Proof. By Theorem 5.1 the only values read when computing dp[s_i] are dp[s_{i-1}], …, dp[s_{i-w}], all within the retained window. Once dp[s_i] is computed, dp[s_{i-w}] is no longer in the window of any s_j with j ≥ i+1 (their windows start at s_{i-w+1} or later), so overwriting it after computing dp[s_i] cannot affect any future read. Hence every read returns the same value as in the full-table run, and by induction the outputs coincide. ∎

Fibonacci/climbing stairs: window w = 2 ⇒ two variables, Θ(1) space.
Grid: row r depends on rows r and r−1 ⇒ window of one row, Θ(C) space.

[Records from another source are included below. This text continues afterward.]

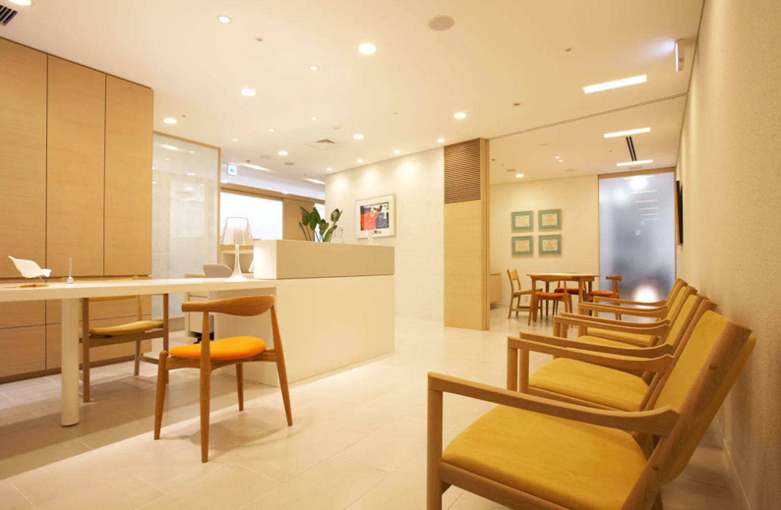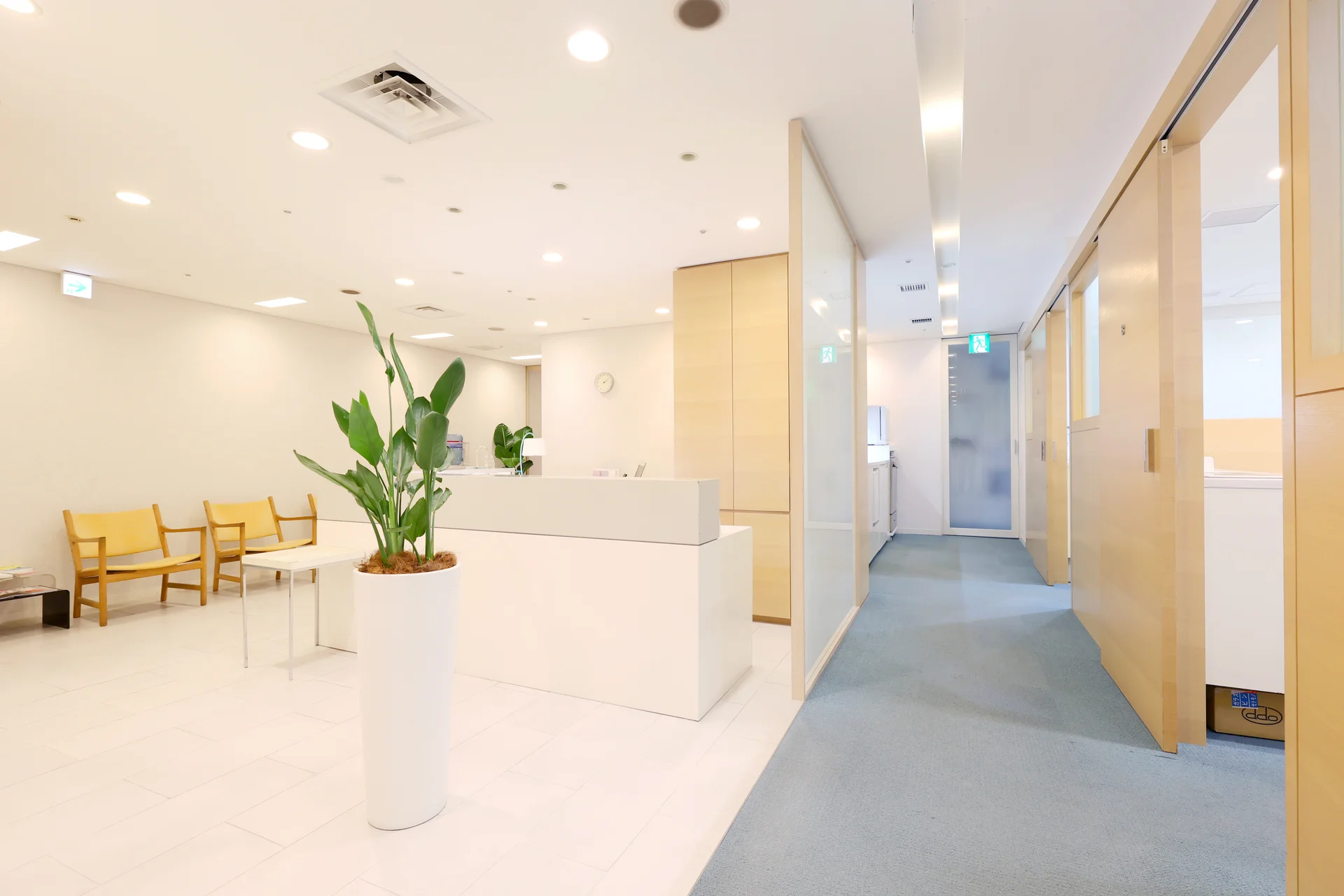 患者さんに少しでもリラックスしていただけるように、明るく清潔感の溢れる空間づくりを心がけております。また院内は広々とした設計となっており、車椅子やベビーカーの方も安心してお入りいただけます。
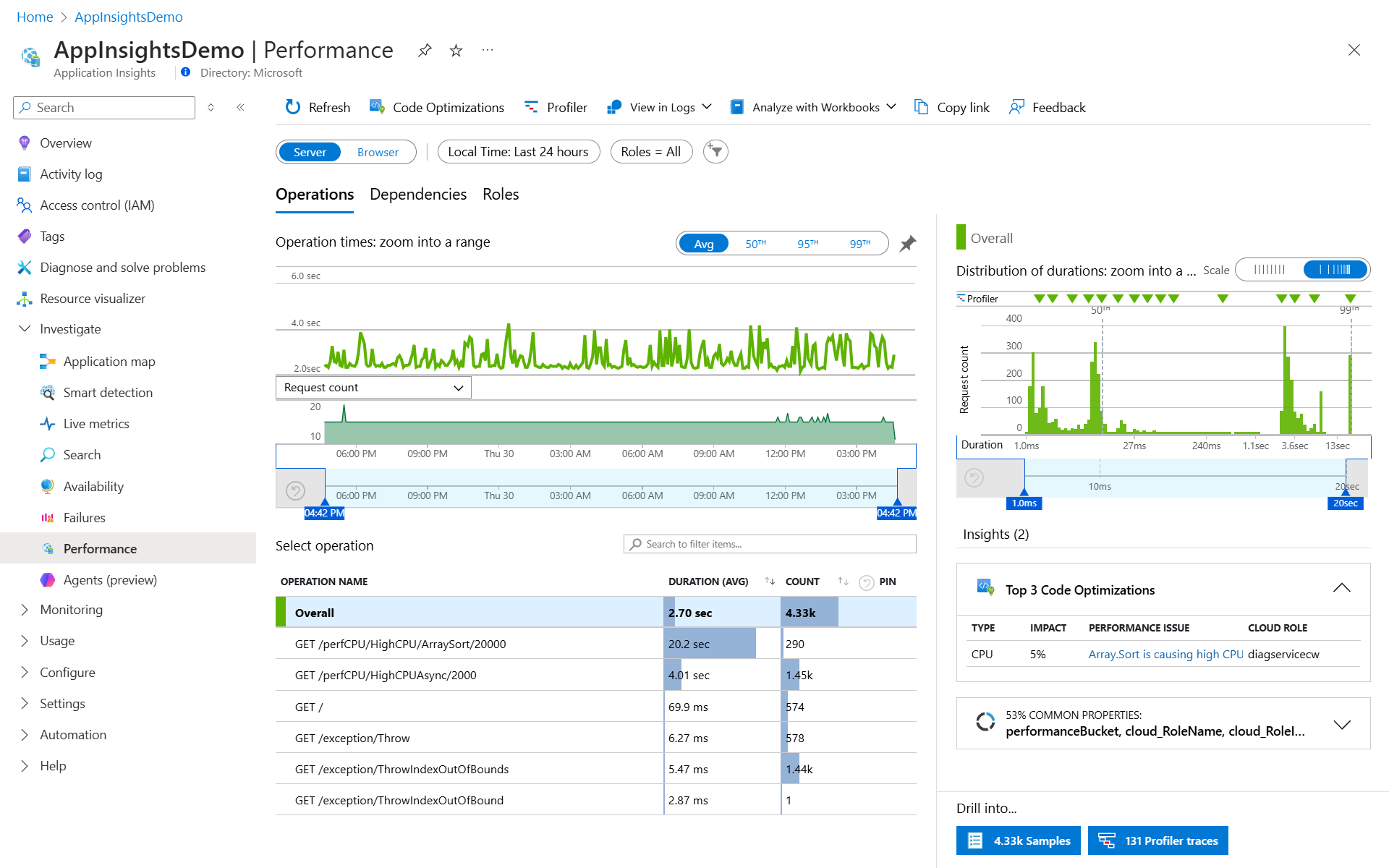 此诊断体验会自动将所有 Application Insights 监视组件中的服务器端遥测数据关联到单个视图中,并支持多个资源。 Application Insights 可检测基础关系,并可用于轻松诊断导致事务缓慢或失败的应用程序组件、依赖项或异常。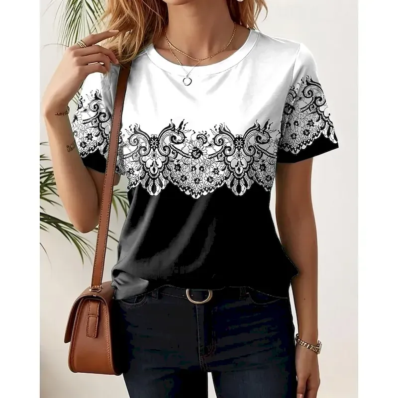 Women’s T Shirt Floral Casual Short Sleeve Round Neck Regular Tops Daily Print Black White Light Green Blue Purple Summer
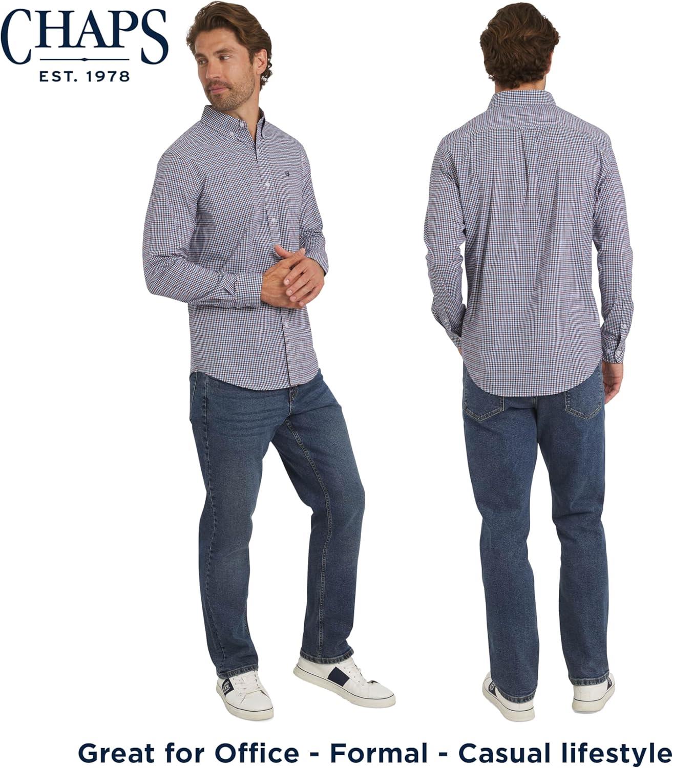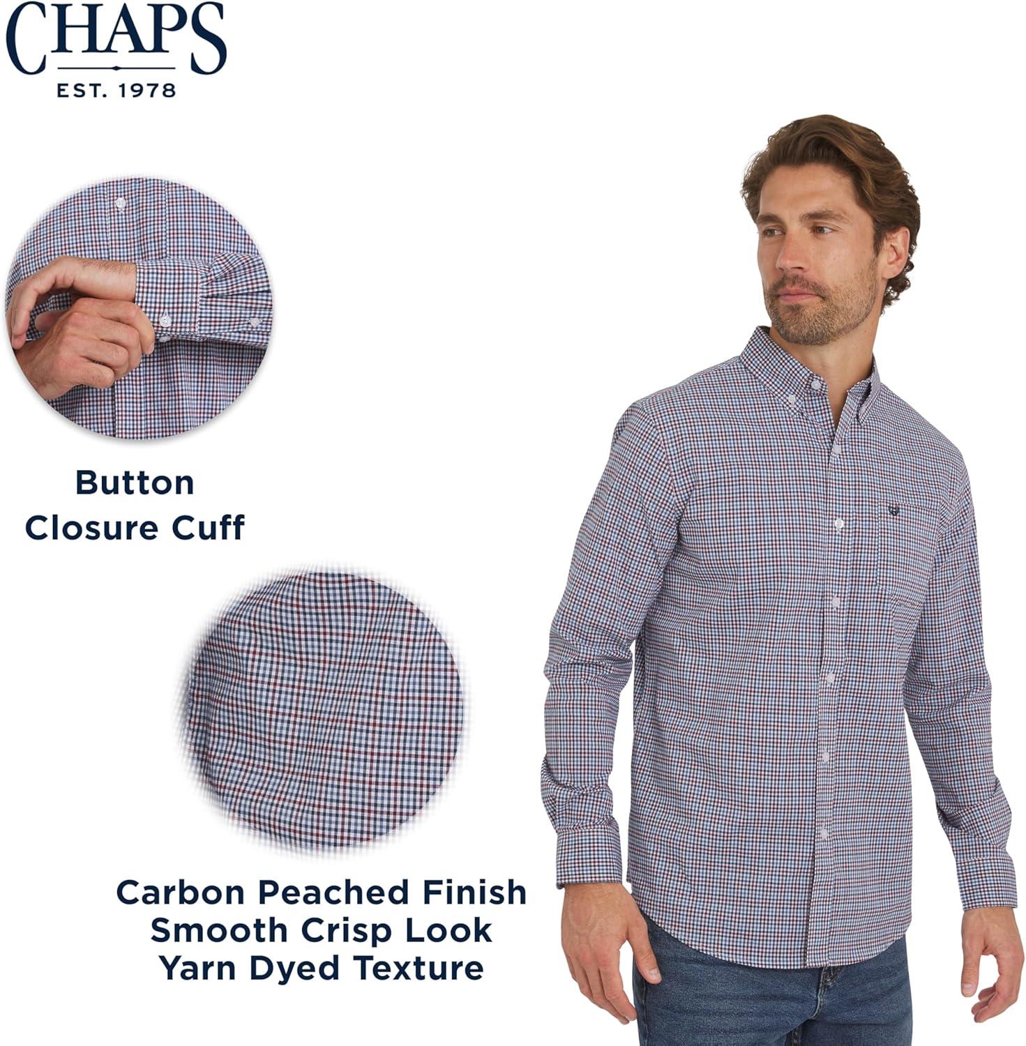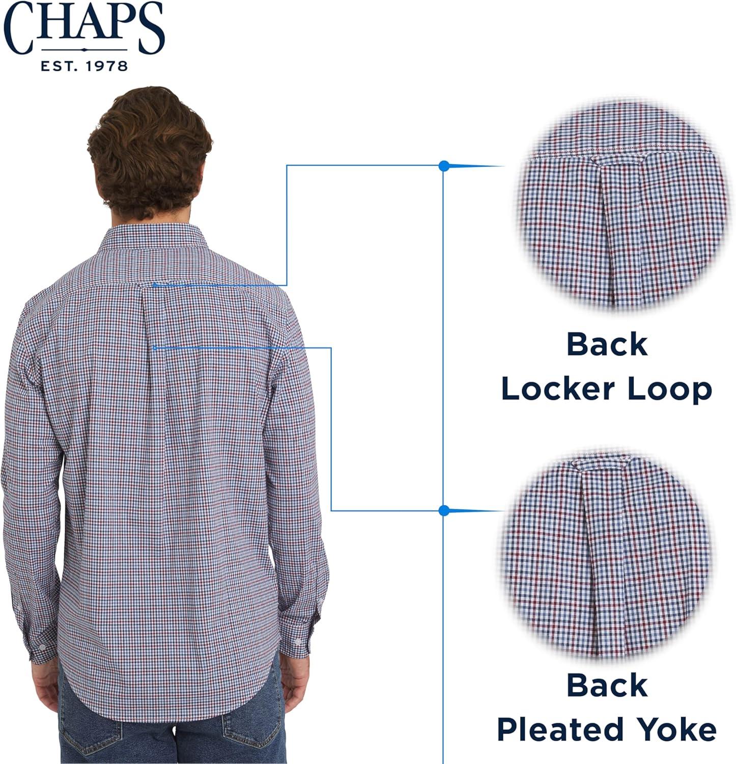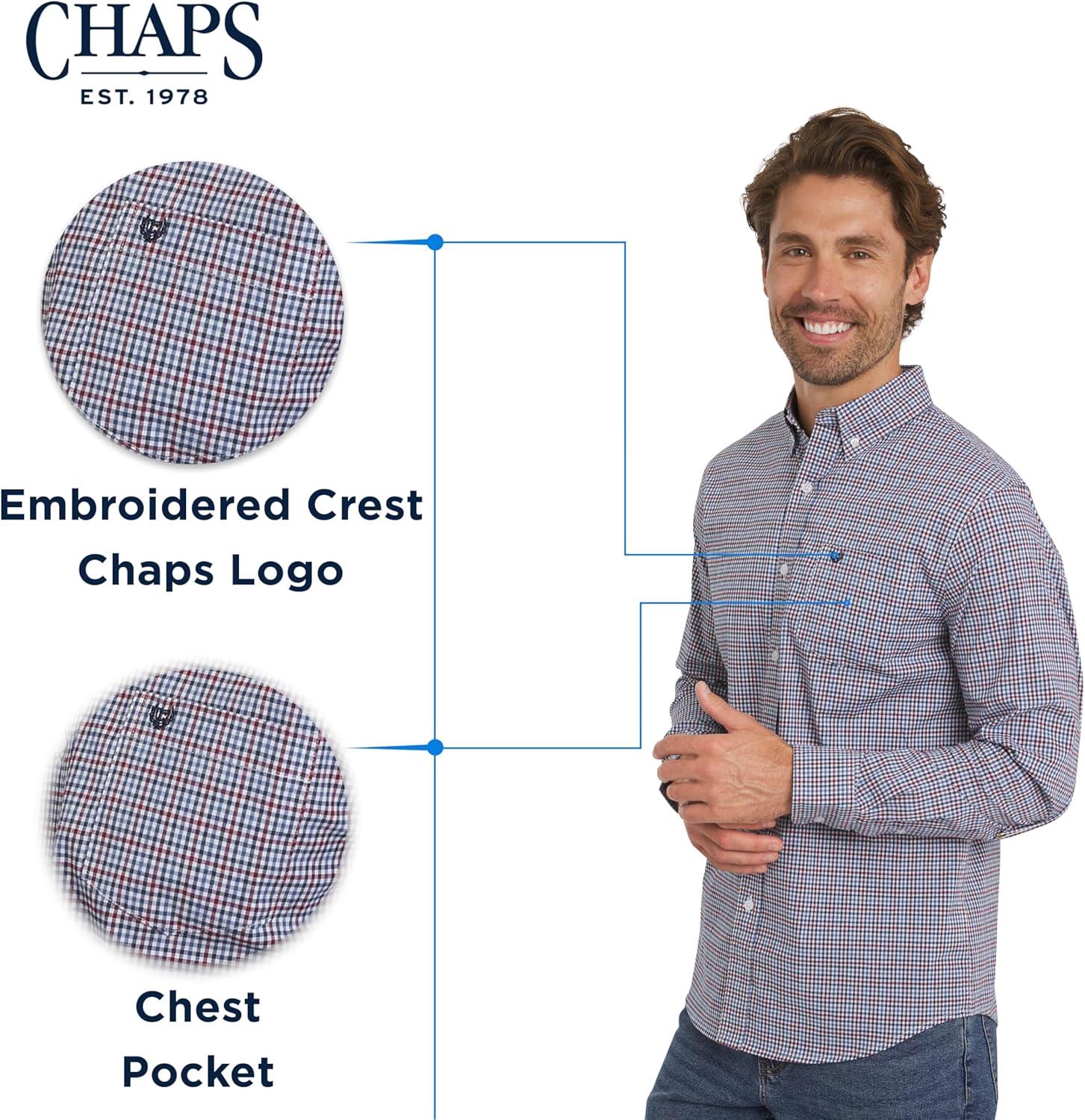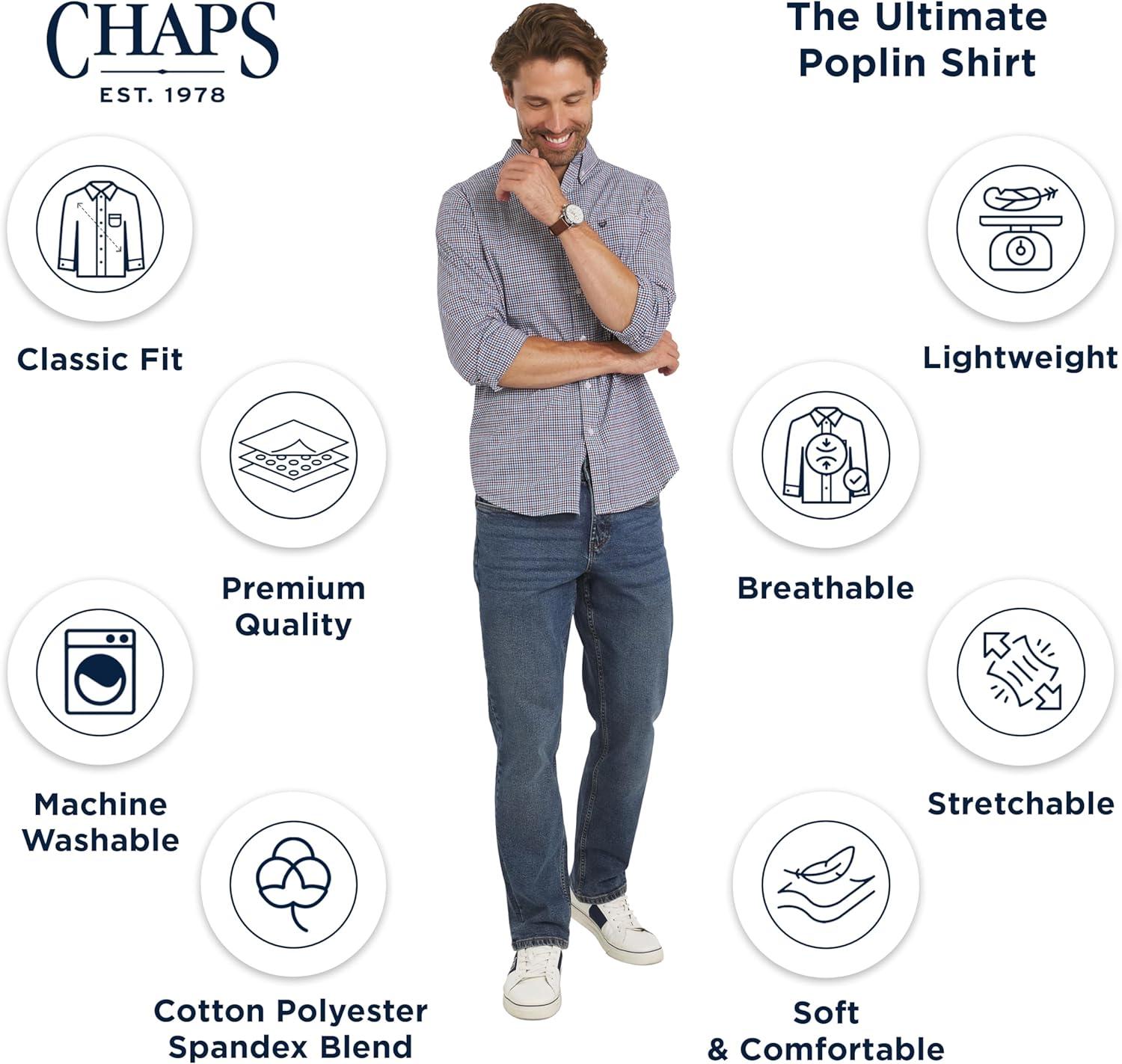 The Chaps legacy, born in 1978, has always been about celebrating a timeless American aesthetic. Our designs honor this heritage by blending classic, spirited style with the needs of modern life. This poplin shirt is a prime example of our commitment to quality and versatility, offering a polished look that's perfect for any occasion. From essential workwear to a casual weekend, this shirt is a staple that elevates your style with effortless comfort and a nod to a storied tradition. Experience superior comfort with this stretch poplin shirt. The fabric, a carefully chosen blend of cotton, polyester, and spandex, is soft, breathable, and flexible enough for all-day wear. A carbon-peached finish gives the material a luxurious, velvety texture, while the natural poplin plain weave provides a smooth, crisp surface with a subtle sheen. The yarn-dyed fabric ensures that its rich, intricate patterns maintain their colorfastness, delivering exceptional durability and a refined appearance that will last. Thoughtful design details complete this classic long-sleeve shirt. The classic fit offers a comfortable silhouette, while a button-down collar and adjustable cuff buttons provide a sharp, clean look. The back pleated yoke and locker loop ensure a full range of motion and an easy way to hang the shirt, and the scooped hem allows for a versatile tucked or untucked style. A chest pocket with an embroidered logo adds a final touch of signature detail. This shirt is also machine washable and wrinkle-resistant, making it a truly low-maintenance addition to your wardrobe.

Theorem 9.3 (When rolling fails). If the problem requires reconstructing an optimal witness (the actual path/choices), the scalar table is insufficient: reconstruction needs either the full table or stored parent pointers of size Θ(|S|). The rolling array discards exactly the information needed to trace back. Proof sketch. Reconstruction is a walk backward through the argmax/argmin choices at each state; those choices reference states outside the retained window, which the rolling buffer has overwritten. ∎

This is the formal trade-off: rolling arrays achieve the space lower bound for computing the value but violate the requirement for exhibiting the solution.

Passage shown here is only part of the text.